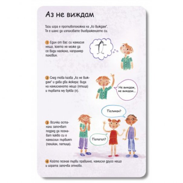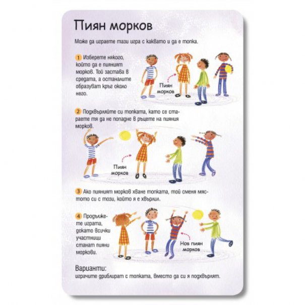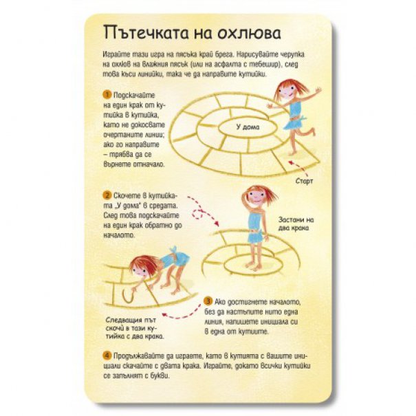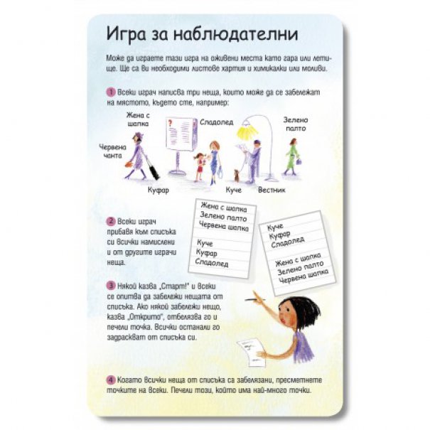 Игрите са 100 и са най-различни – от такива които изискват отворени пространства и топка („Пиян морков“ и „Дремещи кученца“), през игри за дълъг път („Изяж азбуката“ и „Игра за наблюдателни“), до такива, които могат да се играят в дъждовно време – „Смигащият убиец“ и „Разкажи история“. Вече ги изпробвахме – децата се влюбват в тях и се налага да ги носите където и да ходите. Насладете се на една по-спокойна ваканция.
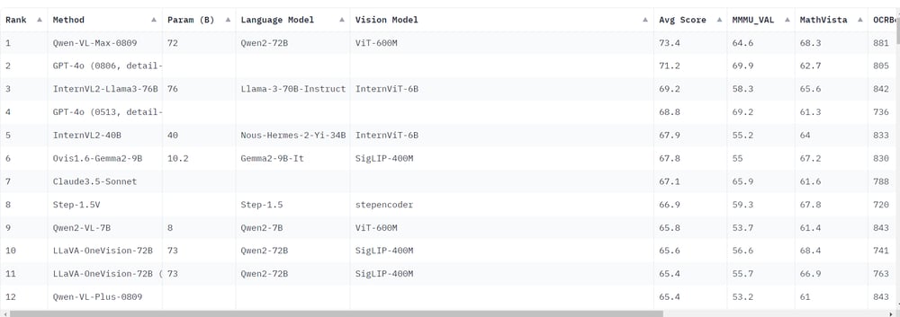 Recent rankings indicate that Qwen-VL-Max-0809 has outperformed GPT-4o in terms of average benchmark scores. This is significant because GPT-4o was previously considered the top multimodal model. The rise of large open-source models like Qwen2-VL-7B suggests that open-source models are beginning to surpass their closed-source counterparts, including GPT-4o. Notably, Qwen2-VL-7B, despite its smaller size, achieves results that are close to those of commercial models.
* * *
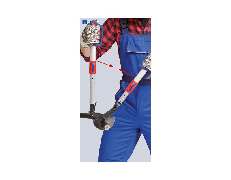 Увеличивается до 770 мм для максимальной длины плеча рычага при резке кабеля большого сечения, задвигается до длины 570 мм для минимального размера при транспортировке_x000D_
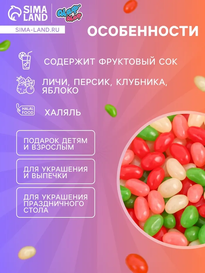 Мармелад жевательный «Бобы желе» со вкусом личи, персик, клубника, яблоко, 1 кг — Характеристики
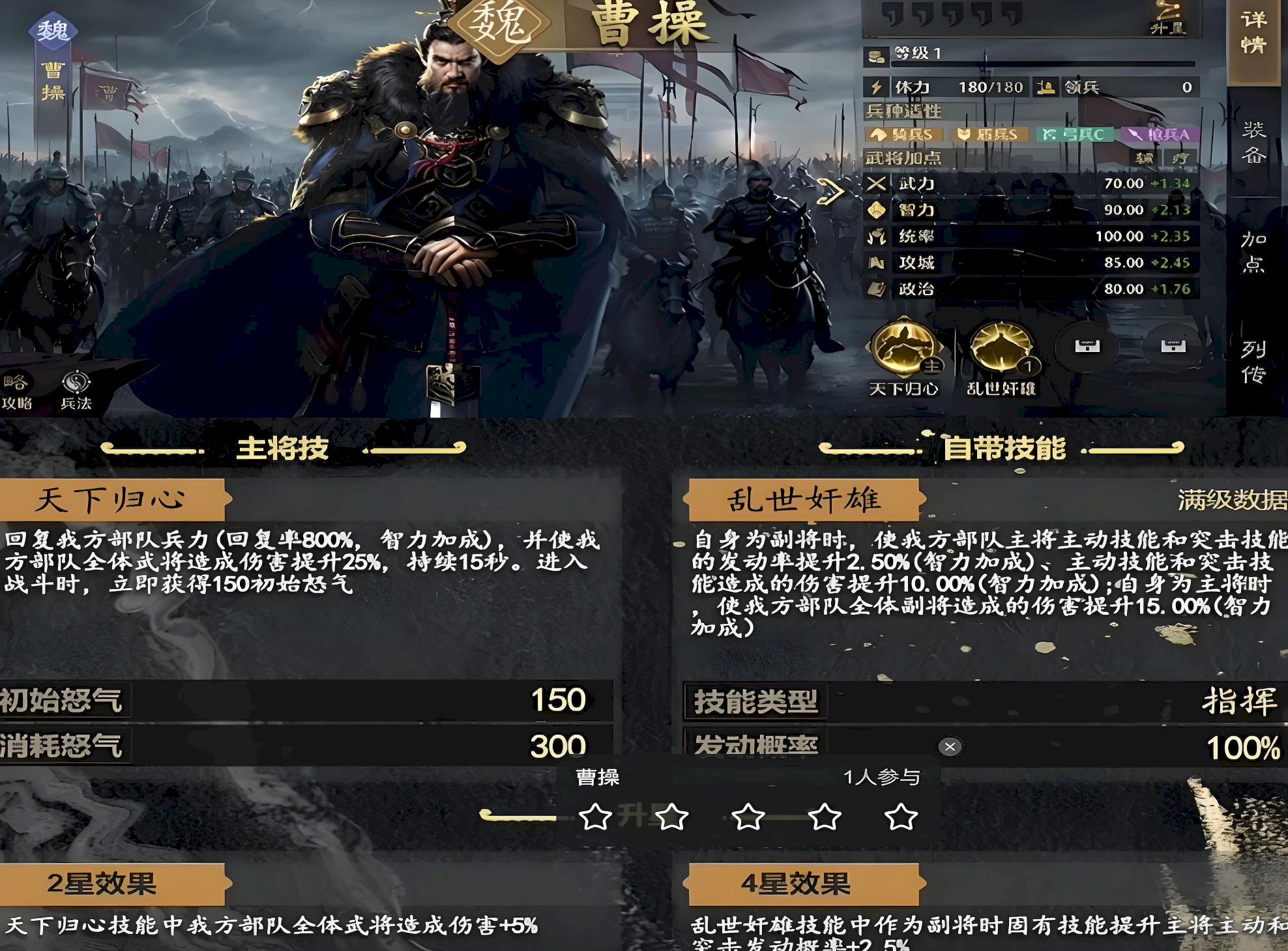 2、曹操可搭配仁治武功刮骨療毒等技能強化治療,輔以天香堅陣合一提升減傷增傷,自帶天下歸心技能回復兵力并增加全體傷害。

__Instructions for the task__
Out of the records above, set down only the lines from the one that contains "кг — Характеристики" through the one that contains "2、曹操可搭配仁治武功刮骨療", unchanged and without the pictures.

__Solution__
 Мармелад жевательный «Бобы желе» со вкусом личи, персик, клубника, яблоко, 1 кг — Характеристики
 2、曹操可搭配仁治武功刮骨療毒等技能強化治療,輔以天香堅陣合一提升減傷增傷,自帶天下歸心技能回復兵力并增加全體傷害。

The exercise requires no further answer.